SUPPLIED DATA:
§

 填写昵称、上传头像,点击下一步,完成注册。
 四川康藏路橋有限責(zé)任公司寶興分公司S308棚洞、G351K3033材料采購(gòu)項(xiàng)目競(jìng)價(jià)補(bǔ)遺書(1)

§

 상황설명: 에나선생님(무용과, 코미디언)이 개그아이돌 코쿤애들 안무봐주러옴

§

ABOUT THIS TASK:
Only one stretch of the entries above is wanted: the lines from the one containing "填写昵称、上传头像,点击下一步,完成注册。" through the one containing "四川康藏路橋有限責(zé)任". Please reproduce it exactly.

RESPONSE TO THIS TASK:
 填写昵称、上传头像,点击下一步,完成注册。
 四川康藏路橋有限責(zé)任公司寶興分公司S308棚洞、G351K3033材料采購(gòu)項(xiàng)目競(jìng)價(jià)補(bǔ)遺書(1)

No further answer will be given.